Tint the primer and use a decent contractor grade paint like BM Ultra spec or PPG or PPG Ultrahide 150. You get what ya pay for.


----------



## PainterGuy91 (May 3, 2016)

RH said:


> Personally I wouldn't sweat it too much. He has already indicated price is his main concern so give him a job that is equal to what he wants to pay.
> 
> Just curious, why is he specifying a primer coat? If there aren't any problem walls or conditions why not just two coats of paint? If it's absolutely necessary to prime then have it tinted to match your paint and treat it as your first coat.
> 
> As to application method, guess it just depends on the situation with the units and what would allow you to complete them faster.


It is brand new flat drywall that has just been mudded and sanded. Wouldn't it look absolutely terrible if it was not primed?


----------



## PainterGuy91 (May 3, 2016)

The Cutting Edge said:


> I would bet they are textured? You can put so much more paint on textured walls over flat. Have done many duplexes with one coat over texture. No problem. Especially if your using a descent primer. Tint 100%. 3/4 nap.


No the walls are not textured, they are just flat drywall. Thanks will get tinted primer from now on. What do you mean by 3/4 nap?


----------



## RH (Sep 7, 2010)

PainterGuy91 said:


> It is brand new flat drywall that has just been mudded and sanded. Wouldn't it look absolutely terrible if it was not primed?


I always prime newly textured walls. You didn't state in your OP that's what the walls were, hence my question about why priming was to be done.


----------



## RH (Sep 7, 2010)

PainterGuy91 said:


> No the walls are not textured, they are just flat drywall. Thanks will get tinted primer from now on. What do you mean by 3/4 nap?


Not trying to bust your b---s but there seems to be a bit of a disconnect between someone bidding a 59 townhouse job and someone not knowing what 3/4 nap means.


----------



## The Cutting Edge (May 25, 2014)

PainterGuy91 said:


> No the walls are not textured, they are just flat drywall. Thanks will get tinted primer from now on. What do you mean by 3/4 nap?

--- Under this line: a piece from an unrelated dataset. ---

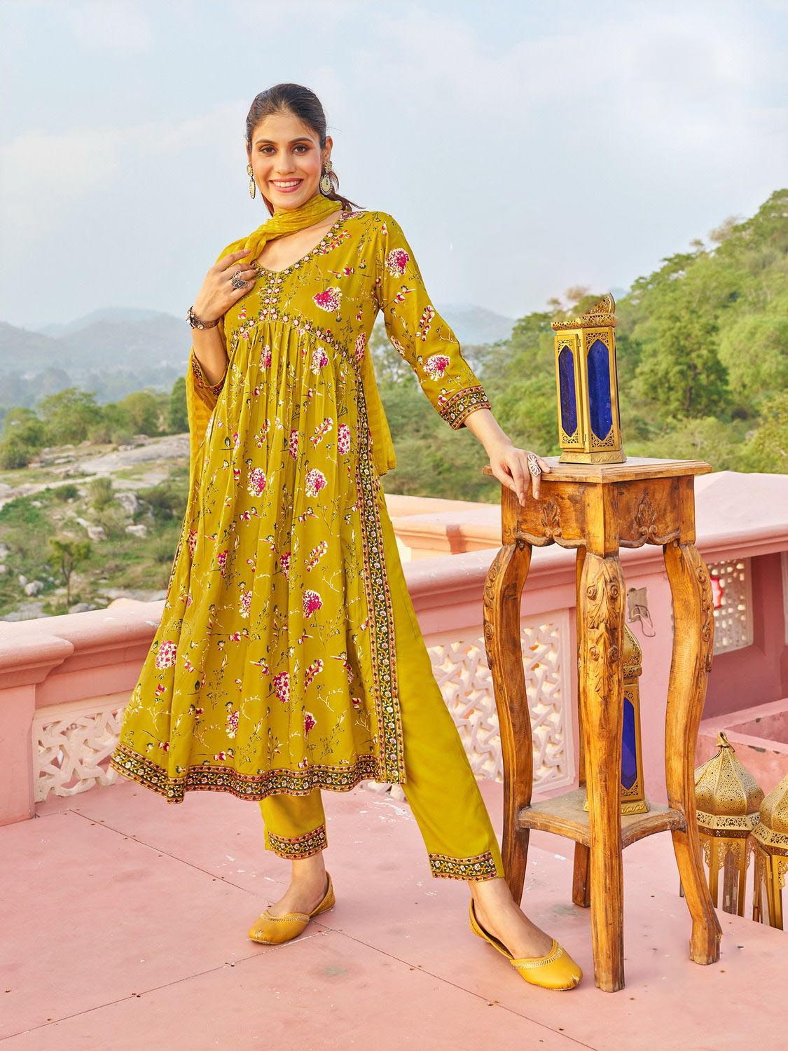 Fantastic Yellow Color Rayon Alia Cut With Embroidery Work Kurti

Just meant a 3/4" nap roller cover or bigger is great for textured walls. Holds more paint etc. Around here when you have new construction and they want one coat of paint you can bet they don't pay for good drywallers so its always textured.


----------



## Jmayspaint (Mar 26, 2013)

It can be done. Put plenty of paint on and don't go cheap on the primer and it can look ok. Spray and back roll 

Biggest problem you run into doing a one finish coat system is touch ups don't usually go well. Without full sheen development, touch ups usually stand out, even with flat paint. 

Personally, I would rather do two coats of a self priming finish coat than one primer and one finish. Of course, a main reason some builders want to spec 1 prime/ 1 finish is primer is cheaper than paint. It's not unusual to see it done that way, on spec construction especially. 

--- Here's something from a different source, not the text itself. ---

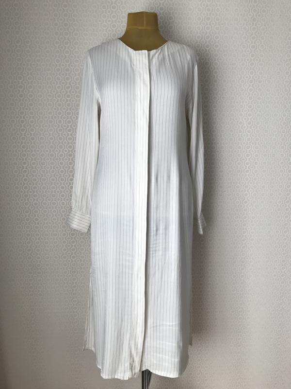 Новое с этикеткой! Белое платье рубашка из вискозы от MNG (Mango), размер M. Состав: 99% - вискоза, 1% - полиэстер. Тонкая пунктирная полоска черного цвета на основном фоне ткани (фото 5). Кругло овальная горловина. Длинный слегка приспущенный рукав. По краю рукава идёт манжет с двумя пуговицами чёрного цвета. Застёгивается на пуговицы, спрятанные под вертикальной планкой (фото 1). Можно носить как в свободном стиле (фото 1), так и с пояском (фото 2), который в комплект не входит. По боковому шву снизу идут разрезы с обеих сторон. Без карманов. Нюансы и дефекты отсутствуют. Замеры изделия в не растянутом виде, см: плечи 42, подмышки (примерно равно ПОГ) 49, ПОТ 47, ПОБ (Замер делаю на расстоянии 65 см от плечевого шва, если вещь короче, то по краю изделия) 52, длина 114, длина рукава 58,5. Объёмы манекена, см : плечи 40, ОГ 97, ОТ 77, ОБ 100 Отправляю Новой почтой либо наложенным платежом (при условии оплаты доставки в оба конца), либо по предоплате на карту Приват, Укрпочтой по предоплате, Meest по предоплате Продаю много фирменных вещей Airfield, Strenesse, Gerry Weber, Steilmann, Brax, Bonita, Basler, Frank Walder, Apanage, Olsen, Ulla Popken, Gardeur, Monari, Rabe, Guess, Hauber, Marks&Spencer, Concept K. Много новых вещей (с этикеткой) - можно на подарок. Смотрите другие мои объявления. Спасибо, что заглянули :-)

Sent from my iPhone using Tapatalk


----------



## RH (Sep 7, 2010)

Out here it's all texture so don't think I've ever encountered having to prime new smooth surfaces. I know that when I bid a newly textured job I always allow more time for the primer coat since it always goes on more slowly than a recoat or the first coat of paint over the new primer due to more drag. Is it the same with new smooth surfaces as well or is there no difference at all?


----------



## slinger58 (Feb 11, 2013)

It's the same.


----------



## PainterGuy91 (May 3, 2016)

RH said:


> PainterGuy91 said:
> 
> 
> > No the walls are not textured, they are just flat drywall. Thanks will get tinted primer from now on. What do you mean by 3/4 nap?
> ...


I would guess it's the thickness of the ply on your roller. If so, that is odd to me because you are going by inches instead of mm and I live in Canada where we go by the metric system. You could just explain instead of bashing me. Also, remember that great men do things before they are ready.


----------



## RH (Sep 7, 2010)

PainterGuy91 said:


> I would guess it's the thickness of the ply on your roller. If so, that is odd to me because you are going by inches instead of mm and I live in Canada where we go by the metric system. You could just explain instead of bashing me. Also, remember that great men do things before they are ready.


Wasn't bashing you - just seemed a bit odd. Your explanation makes sense.


----------



## Jmayspaint (Mar 26, 2013)

I always thought it was interesting how texture is such a regional thing. I never saw orange peel or knock down, except in hotel rooms maybe, till I moved to FL for a while. 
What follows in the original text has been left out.